Lohmann’s keynote on the flora and fauna of the Amazon was an opportunity for her to demonstrate her impressive expertise on the planet’s most biodiverse hotspot. But it’s the sizable knowledge gaps about the Amazon that continue to make it a magnet for scientific research.

“In one hectare of Amazon rainforest, we have more species than we have in the entirety of Europe,” Lohmann said. “So, needless to say, there’s lots of really interesting biodiversity, and we estimate that only 10% of it has been described.”

Lohmann’s drive to catalogue even more of those species first brought her to St. Louis and the Missouri Botanical Garden in 1993, back when she was still an undergraduate at the University of São Paulo, Brazil.

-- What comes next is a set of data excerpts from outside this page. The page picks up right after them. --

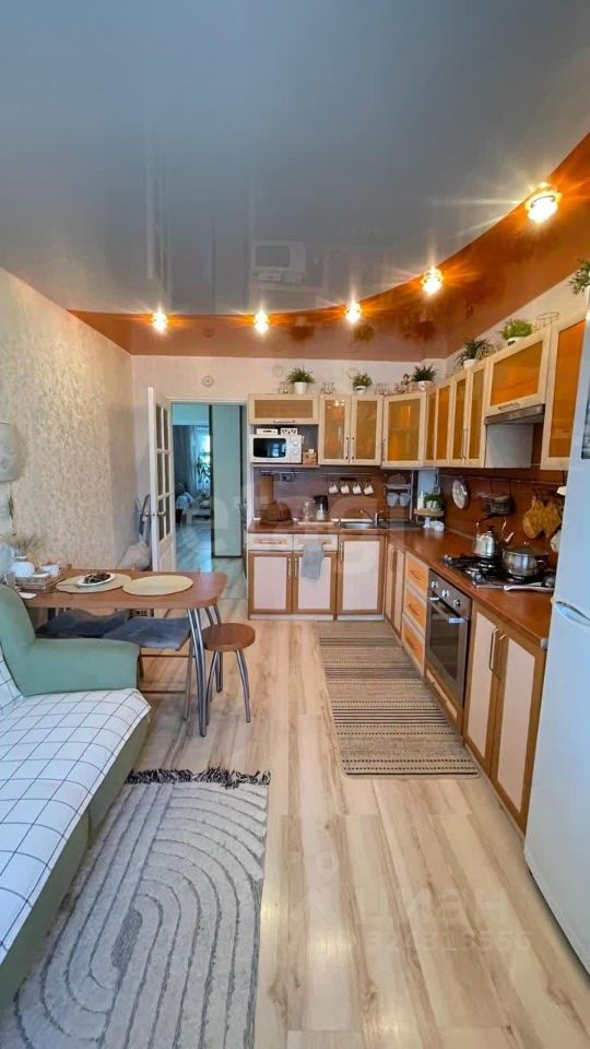 Во всей квартире сделан ремонт: стеклопакет ПВХ, натяжной потолок, ламинат на полу. Лоджия застеклена и обшита. Ванная комната и санузел совмещён ,в кафеле. Новый котёл prothem.Окна комнаты выходят во двор, а у кухни на магазин Союз.
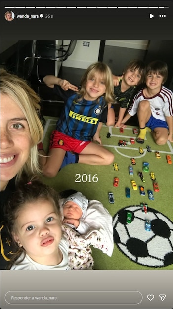 La complicidad entre hermanos queda reflejada en imágenes de los chicos abrazados, riendo y en pijama en el living, bajo la leyenda “2016 Chiquititos míos”. Wanda evocó también su cumpleaños de ese año: sentada a la cabecera de la mesa, rodeada de sus cinco hijos y una torta con velas, con Isabella en brazos y Francesca en una sillita alta. Otra selfie la muestra acostada en una alfombra verde con forma de pelota de fútbol, junto a los niños y autitos de juguete, una imagen que captura el bullicio y el juego en casa.
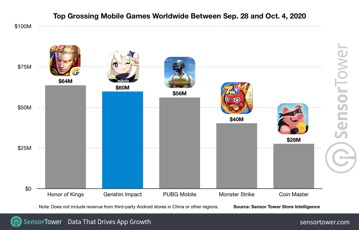Ainda segundo o SensorTower, Genshin Impact provou ser extremamente popular em todo o mundo. Na China, quase US$ 25 milhões foram gastos no game até o momento nos celulares, o que representa 42% de sua receita total. Entretanto, o game gerou mais receita no exterior, com as vendas chegando a US$ 35 milhões, ou 58% de sua receita total. A China é o país onde os jogadores mais gastaram com o game, seguido pelo Japão (US$ 17 milhões) e Estados Unidos (US$ 8 milhões).
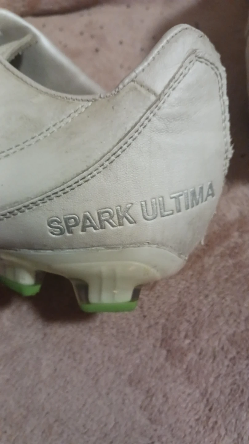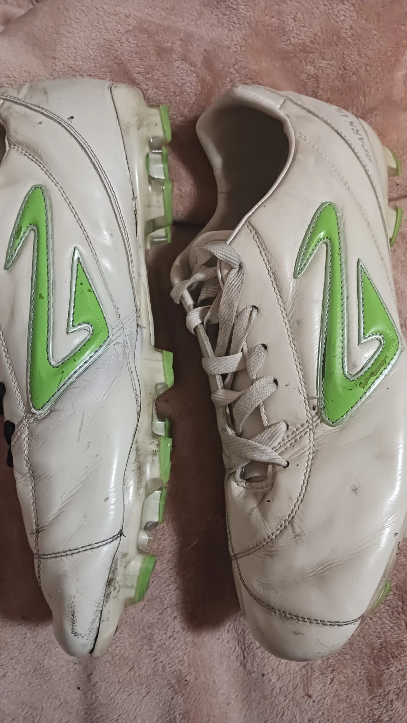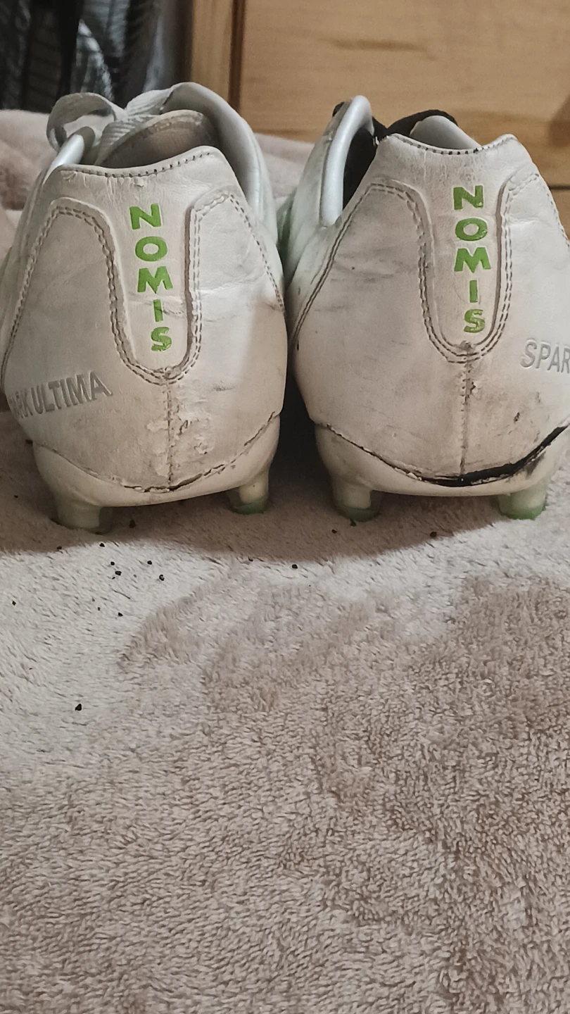 Giving away a pair of Nomis Spark Ultima soccer cleats. They are white with green accents and show some signs of wear from use on the field and black shoe glue, but all is secure. Please see photos for details, last one shows before & after some TLC. Originally sells for $35.
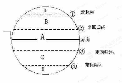 (1)地球五帶:A __________ B ___________C __________ D __________ E __________(2)北極圈是____ 帶和_____ 帶的分界線.
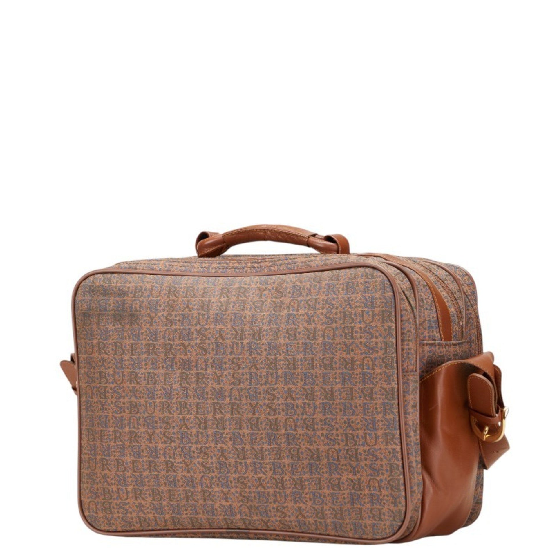 Burberry logo handbag/shoulder bag in brown and blue canvas leather for women.
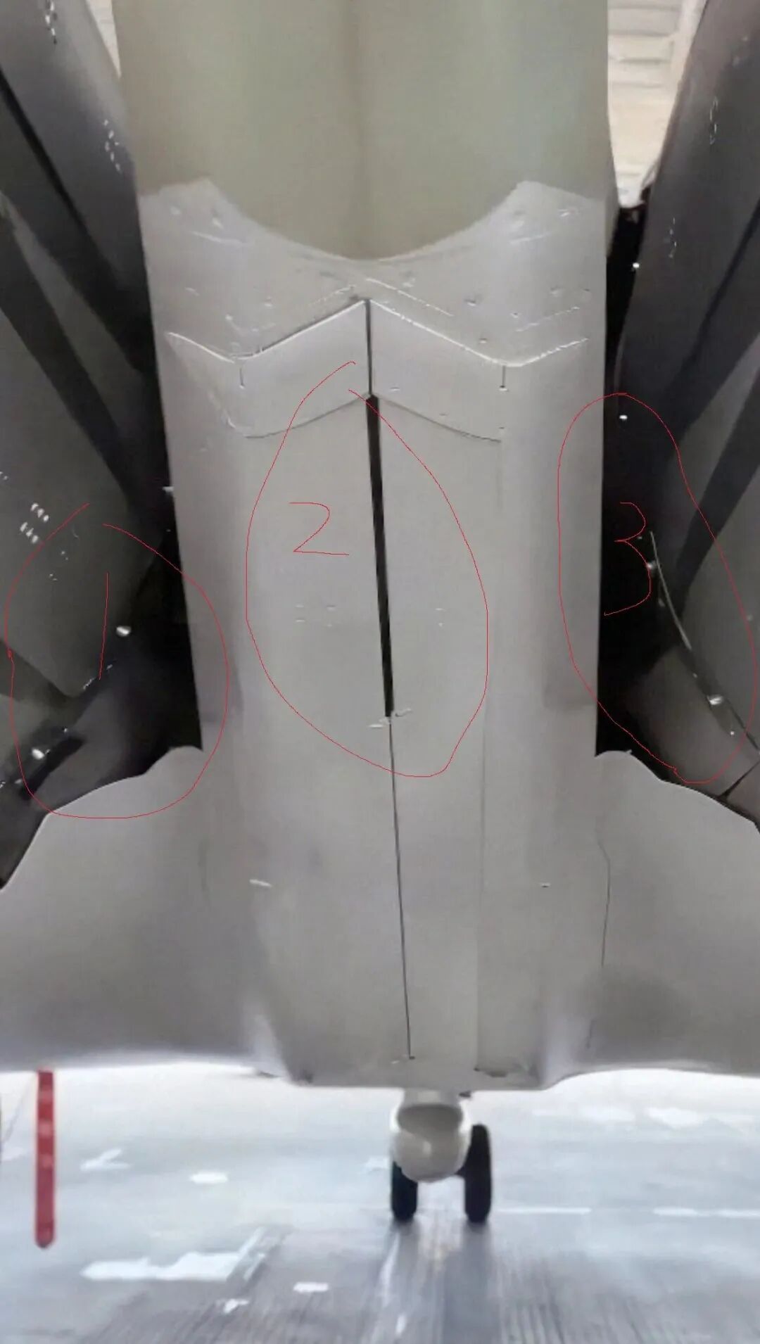 这是歼-35舰载机的尾椎,可以看到,上下缝隙不同,下面密封很好,上面一个大坑,酷似苏57,手指都可以塞进去,而且大家可以看到,大坑的上下还不一样,下面窄,上面宽,这个偏差非常明显,在CNC技术普及的今天要做成大的偏差还必须有点技术水平。

“I was working on a field guide of the Ducke Reserve, which was the first field guide of plants in central Amazonia,” Lohmann recounted to the audience. “We didn’t have a well-curated collection in Brazil, so I came to the Garden to identify those materials. When I started working on the guide, they told me, ‘It’s going to be easy. There’s 15 species. We’ve been collecting in this place for 30 years now. We know them all.’ When I finished the guide, it had 150 species. So, just another reminder of how little we still know.”

With a full house of attendees representing dozens of different organizations, the event served as another major step for the Living Earth Collaborative, a productive partnership between WashU, the Garden, and the Saint Louis Zoo.

“One organization can only do so much to impact the world,” said Dwight Scott, the Dana Brown President & CEO of the Saint Louis Zoo, in his opening remarks. “But together, through partnership and collaboration, we can achieve our potential. That is why I believe in the Living Earth Collaborative.”

The Tropical Forest February series included a morning event where guests could learn about the unique plants found in the Missouri Botanical Garden’s Climatron from Mónica Carlsen, an assistant scientist and education coordinator at the Garden, followed by self-guided tours of St. Louis’s only tropical forest. Staff from the Garden and the Saint Louis Zoo were on hand to provide visitors with information about tropical plants and animals.

Lohmann’s evening talk included several display tables featuring staff and researchers from the Garden, Zoo, and WashU. Projects included WashU research on apes in the Congo, Zoo information on responsibly sourced palm oil, and ongoing research efforts in Madagascar by all three partner organizations.

In addition to public-facing events like Tropical Forest February, the Living Earth Collaborative funds research projects that explore biodiversity in St. Louis and around the world. Its network of biodiversity fellows includes nearly 200 scholars and conservation practitioners at more than a dozen St. Louis institutions.